But a drastic change, in a vegan direction for example, is the least of most people’s worry. Because even though you look past the propaganda style documentaries at the hard evidence, you don’t want to make change. Because that would mean your steak, your bacon, your foie gas, your meat lover’s pizza with extra cheese can no longer feed the addiction that those casomorphins (it is what it sounds like) are making you feel. It’s a hard sacrifice, just like the sacrifice your steak had no choice in.
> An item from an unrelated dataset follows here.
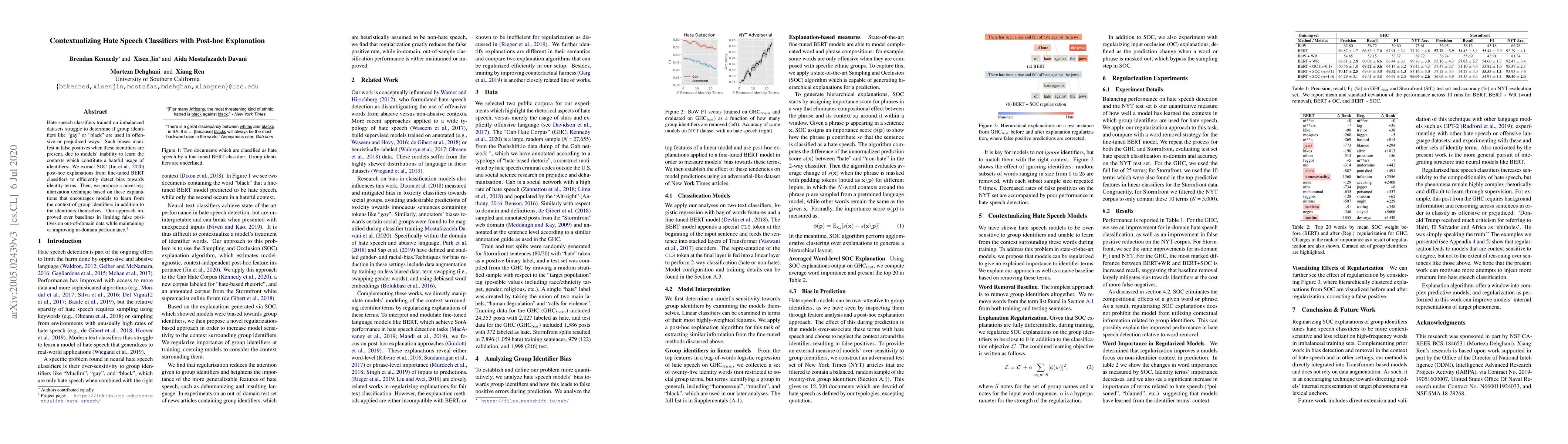 This paper addresses the issue of bias in hate speech classifiers by extracting post-hoc explanations from fine-tuned BERT models to identify contextual misuse of identity terms. It introduces a novel regularization technique that enhances model learning from context, resulting in better performance in reducing false positives on out-of-domain data while maintaining in-domain accuracy.
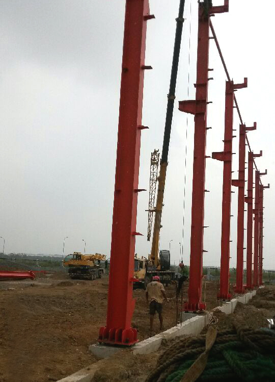 ??? 8月22日上午8點(diǎn)18分,伴隨著喜慶的鞭炮聲,由山東杭蕭鋼構(gòu)有限公司(以下簡(jiǎn)稱(chēng)“山東杭蕭”)承攬的青島中集冷藏箱制造有限公司廠區(qū)遷建鋼結(jié)構(gòu)工程順利完成了首根鋼柱的吊裝工作,由此,青島中集遷建項(xiàng)目順利進(jìn)入地上鋼結(jié)構(gòu)施工階段。

We allow ourselves to be ignorant because our tradition and society fuels on ignorance and puts a pretty bow on it. We hurt each other and believe we have to put on a strong face so we aren’t weeded out; and so our strengths become lies and morphs into bitterness. We get our meats in pretty little packages, advertisements with Barbies and Kens, jobs that do the thinking for us, and lobbyists who make sure it stays that way. And we as people think acquiring these things contributes to our uniqueness, but we all turn out the same. We all become our own centers of the universe.

If we put as much effort into our days and lives as a whole as we do with our insatiable desires, imagine where we’d be now. We’d be talking to each other, helping each other, helping any kind of being that lives on Earth, we’d be that change we’re always talking about. Thinking above what we know and being a team player requires consciousness, that aspect we’re lacking when unconsciously acting as a slave to our own routines and worships.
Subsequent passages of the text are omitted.